### PROBLEM DESCRIPTION
Find the line holding "This vibrant button" in the entries below. Give it again exactly, along with every line after it up to and including the line holding "Kožni kaput brenda".

### GIVEN INFORMATION
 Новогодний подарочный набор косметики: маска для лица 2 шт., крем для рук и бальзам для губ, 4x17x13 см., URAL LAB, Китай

...

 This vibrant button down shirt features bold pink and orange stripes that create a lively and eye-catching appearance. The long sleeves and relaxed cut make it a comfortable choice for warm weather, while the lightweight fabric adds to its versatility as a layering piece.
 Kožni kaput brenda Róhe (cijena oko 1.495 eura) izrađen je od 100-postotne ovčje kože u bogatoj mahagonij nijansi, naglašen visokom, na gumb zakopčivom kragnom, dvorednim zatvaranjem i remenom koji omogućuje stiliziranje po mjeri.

...

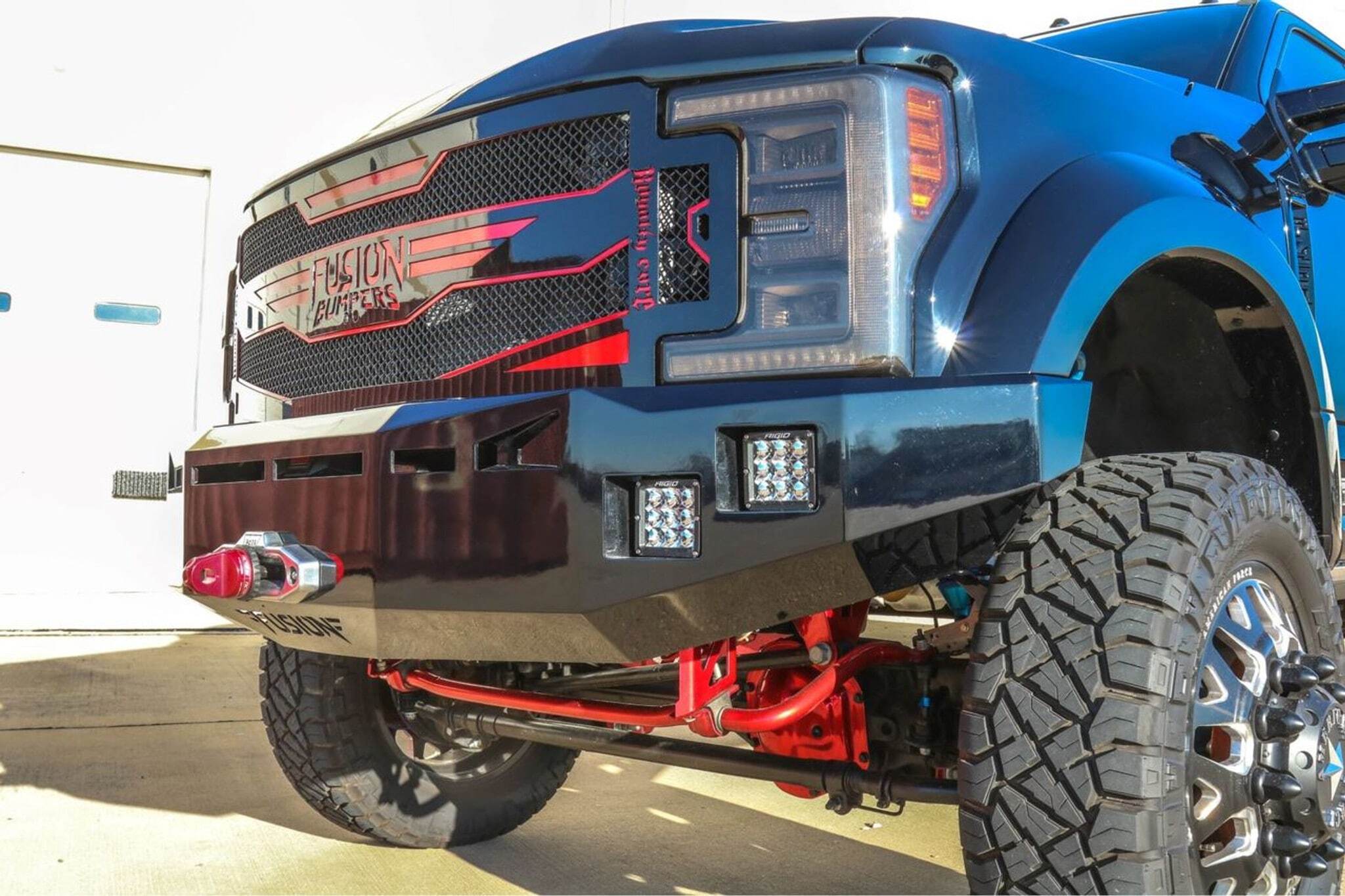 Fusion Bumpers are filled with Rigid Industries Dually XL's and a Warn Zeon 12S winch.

### TASK SOLUTION
 This vibrant button down shirt features bold pink and orange stripes that create a lively and eye-catching appearance. The long sleeves and relaxed cut make it a comfortable choice for warm weather, while the lightweight fabric adds to its versatility as a layering piece.
 Kožni kaput brenda Róhe (cijena oko 1.495 eura) izrađen je od 100-postotne ovčje kože u bogatoj mahagonij nijansi, naglašen visokom, na gumb zakopčivom kragnom, dvorednim zatvaranjem i remenom koji omogućuje stiliziranje po mjeri.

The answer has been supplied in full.